The light of the star, the tower of light, illuminates the birth of the “light of the world”.

We have already discussed how the Gospel of Luke connects Mary to the Shekinah. The Holy Spirit “overshadowed” the Virgin Mary when Jesus was conceived in her womb. The word “overshadow” was used in the Old Testament specifically to describe the Shekinah Glory Cloud resting above the Ark of the Covenant. Now it rests upon the Ark of the New Covenant, Mary. 



Also, in her Magnificat, Mary further fulfills Jeremiah's prophecies. She describes the (1) gathering of God's people and (2) God's "mercy" twice to Elizabeth, who has already described the Virgin Mary as the Ark:

For behold, henceforth all generations will call me blessed;
for he who is mighty has done great things for me,
and holy is his name.
And his mercy is on those who fear him
from generation to generation.
He has shown strength with his arm,
he has scattered the proud in the imagination of their hearts,
he has put down the mighty from their thrones,
and exalted those of low degree;
he has filled the hungry with good things,
and the rich he has sent empty away.
He has helped his servant Israel,
in remembrance of his mercy
,
as he spoke to our fathers,
to Abraham and to his posterity for ever.

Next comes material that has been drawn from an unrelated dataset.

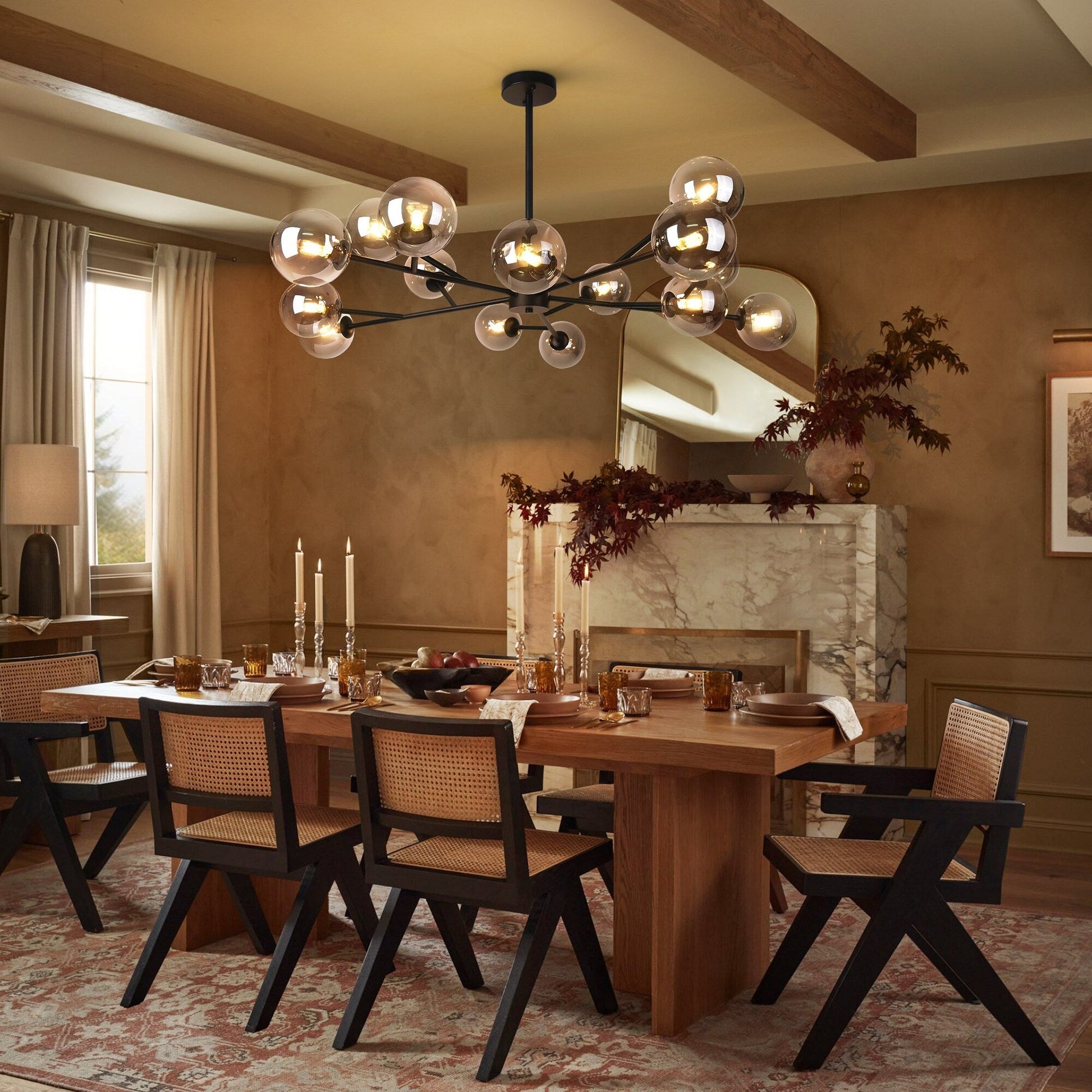15-Light Modern Linear Sputnik Kitchen Island Light Branch Cluster Glass Globe Bubble Chandelier

But How is the Glory Cloud a Light to All Nations

But the original Shekinah stood as a light to all Israel. The conception of Jesus was a private affair, as was the Visitation. When does the Shekinah shine again for all Israel to see? Even for all the world to see?



That's right ...

The Shekinah returns as the Star of Bethlehem. Notice the strange behavior of the Star of Bethlehem:
  • The star is a tower of light “overshadowing” the Virgin Mary and the entire Holy Family before, during, and after the Nativity.
  • The star is a sign to all Israel, to the shepherds and even to the evil King Herod; and
  • The star is visible to the entire world! The Magi, the Kings of the East, are guided by the star to Christ’s manger.

What does this tell us about Christ and His mission? Christ will bring light to all of Israel and the entire world!

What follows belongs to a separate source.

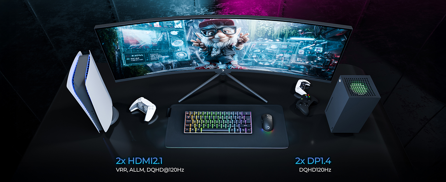 Enjoy VRR and ALLM technologies with HDMI 2.1 support, while experiencing the smooth thrill of DQHD 120Hz at the same time.

Also, as amazing as Moses was, Jesus is far superior. He is God. The Ark of Jesus, too, is far superior to the Ark of Moses. She is a human being. Even Moses’ Shekinah, as amazing a sight as it was, it is also far exceeded by Jesus’ Shekinah, the Star of Bethlehem. Moses had a tornado. Jesus had an entire star!

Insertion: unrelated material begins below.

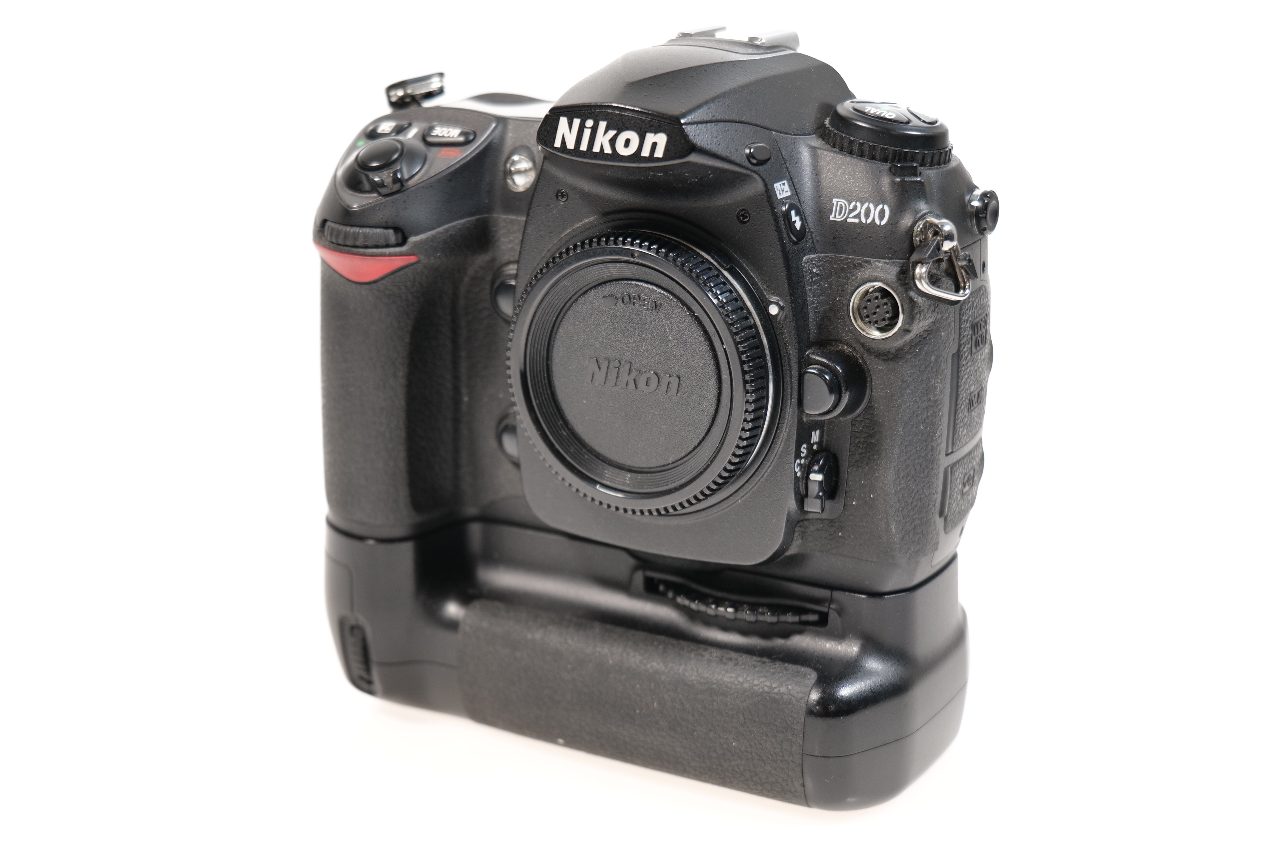 Die Nikon D200 ist eine professionelle DSLR für ambitionierte Fotografen, die Wert auf robuste Bauweise und zuverlässige Leistung legen. Dieses Exemplar wird mit dem MB-D200 Batteriegriff angeboten und befindet sich im Zustand C, mit deutlichen Gebrauchsspuren, ist aber voll funktionsfähig.

Footnotes: What is the Meaning of the Star of Bethlehem? Why No Room at the Inn? Why Does Mary Ride a Donkey? Typology of the New Ark and Christmas

[1] Some also suggest that Joseph would have been too poor to possess a donkey. This is due to the fact that the Holy Family was allowed to offer the less costly of the sacrificial options at the Presentation at the Temple. There are other possibilities, however, including that Joseph simply borrowed the donkey. One can easily imagine a kind person letting the pregnant mother borrow a donkey for her long ride. Additionally, there was already talk spreading about Mary's baby and her virgin birth. Ensuring Mary's safe travels may have been paramount in the minds of many in Nazareth.

[2] Biblical scholar Joseph Addison Alexander argues for this understanding: “The only explanation, equally agreeable to usage and the context, is that which makes Ephratah the ancient name of Bethlehem (Genesis 48:7), here mentioned as the place where David spent his youth, and where he used to hear of the ark, although he never saw it till long afterwards, when he found it in the fields of the wood, in the neighbourhood of Kirjathjearim, which name means Forest town, or City of the Woods. Compare 1 Samuel 7:1 with 2 Samuel 6:3-4."

[3] Another Biblical scholar, Christopher Wordsworth, states the following: “The Psalmist says, that David himself, even when a youth in Bethlehem Ephratah, heard of the sojourn of the ark in Kirjathjearim, and that it was a fond dream of David's boyhood to be permitted to bring up the ark to some settled habitation, which he desired to find (Psalms 132:5).”